People v Baez |
2004 NY Slip Op 09307 [13 AD3d 463] |
December 13, 2004 |
Appellate Division, Second Department |
Published by New York State Law Reporting Bureau pursuant to Judiciary Law § 431. |
The People of the State of New York, Respondent, v Pedro Baez, Appellant. |
—[*1]
Appeal by the defendant from a judgment of the Supreme Court, Queens County (Blumenfeld, J.), rendered July 8, 2003, convicting him of assault in the second degree and criminal possession of a weapon in the fourth degree, upon a jury verdict, and imposing sentence.
Ordered that the judgment is modified, on the law, by reducing the defendant's conviction of assault in the second degree to attempted assault in the second degree and vacating the sentence imposed thereon; as so modified, the judgment is affirmed, and the matter is remitted to the Supreme Court, Queens County, for resentencing on that count.
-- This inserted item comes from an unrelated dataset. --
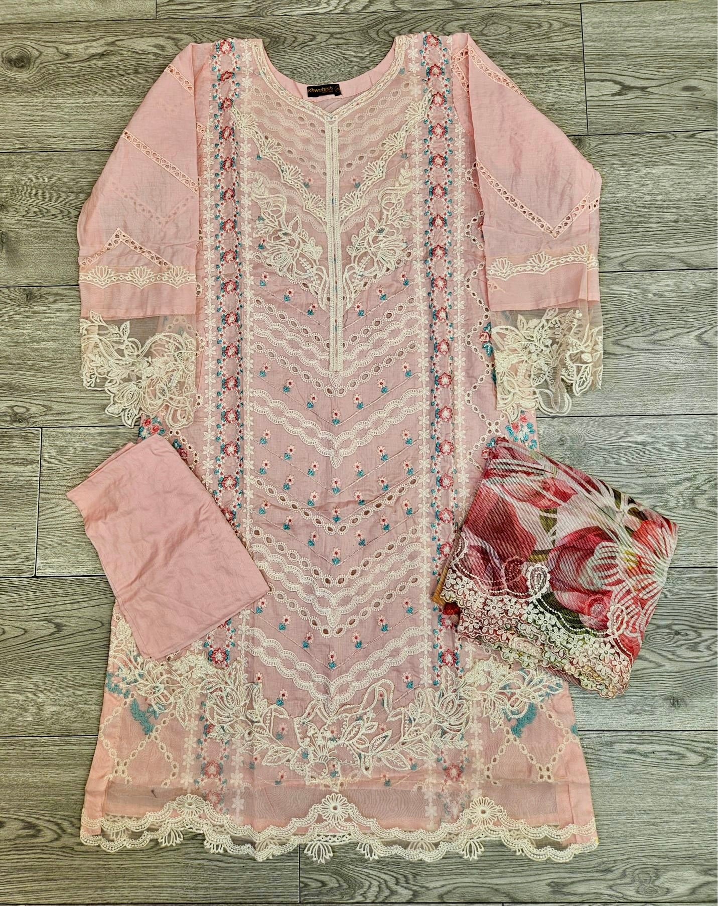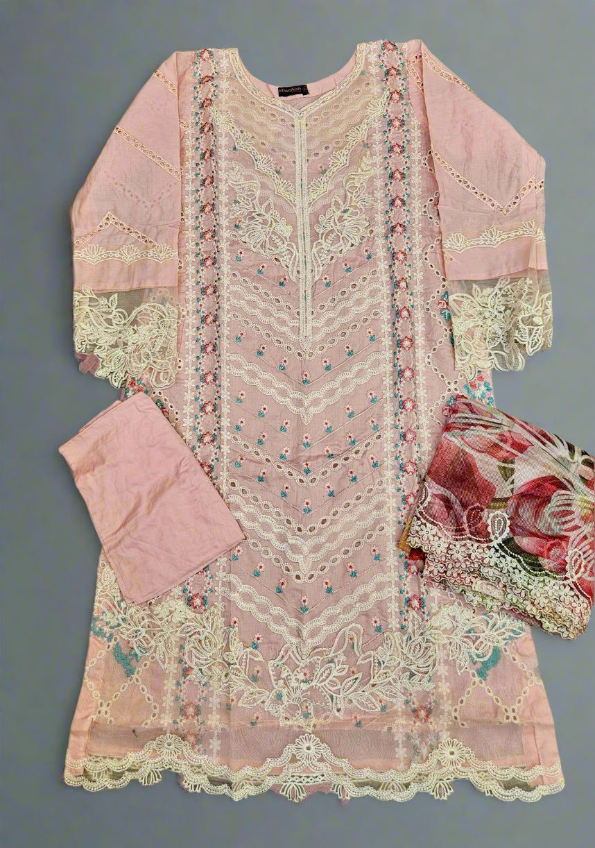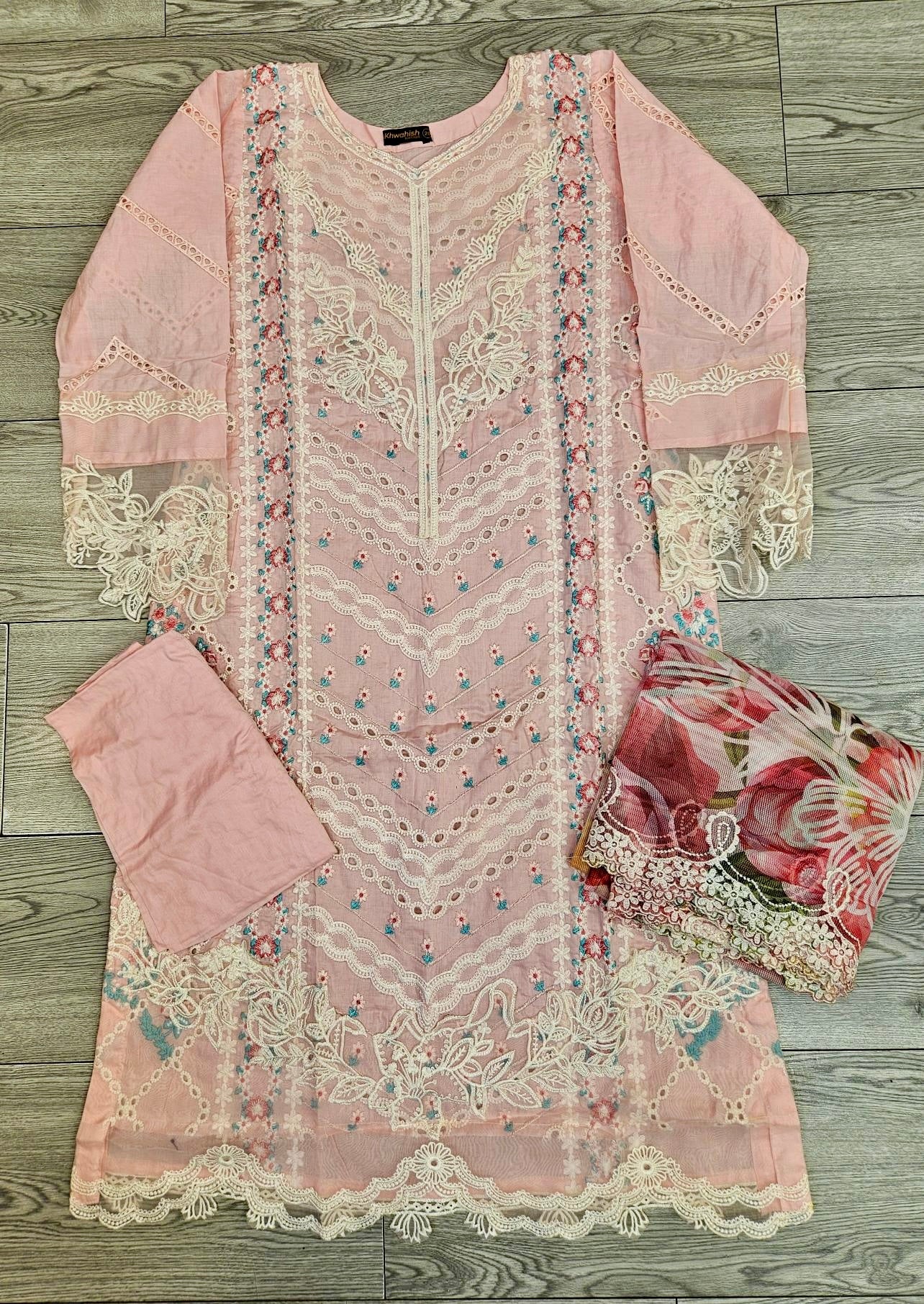 CRM Rose pink colour laser cut chikan embroidery in thread and sequins shalwar kameez in cotton fabric

The defendant contends that the evidence of "physical injury," an element of the crime of assault in the second degree, was legally insufficient. Contrary to the People's contention, this issue is preserved for appellate review (see CPL 470.05 [2]; People v Gray, 86 NY2d 10, 19-21 [1995]; People v Soto, 8 AD3d 683, 684 [2004], lv denied 3 NY3d 712 [2004]). Moreover, viewing the evidence in the light most favorable to the prosecution (see People v Contes, 60 NY2d 620 [1983]), we agree with the defendant that it was legally insufficient to establish that the complainant suffered either "substantial pain" or "impairment of [his] physical condition" as a result of the injury to his shoulder (see Penal Law § 120.05 [2];§ 10.00 [9]; Matter of Philip A., 49 NY2d 198, 200 [1980]; Matter of Robert C., 185 AD2d 845 [1992]; People v Bruce, 162 AD2d 604, 605 [1990]; People v Holden, 148 AD2d 635 [1989]). The complainant cleaned and bandaged the injury himself and testified to only limited restrictions. No expert testimony was proffered as to either the extent of the injury or the duration of the limitation. [*2]
However, the evidence was legally sufficient to establish the defendant's guilt of the lesser-included offense of attempted assault in the second degree (see CPL 470.15 [2] [a]; People v Lobo, 6 AD3d 550 [2004]; People v Harris, 305 AD2d 614, 615 [2003]), which does not require evidence of physical injury (see People v Koufomichalis, 2 AD3d 987, 988 [2003]). Furthermore, upon the exercise of our factual review power, we are satisfied that the verdict of guilt on the criminal possession of a weapon in the fourth degree count (see Penal Law § 265.01) was not against the weight of the evidence (see CPL 470.15 [5]). Ritter, J.P., Goldstein, Adams and Crane, JJ., concur.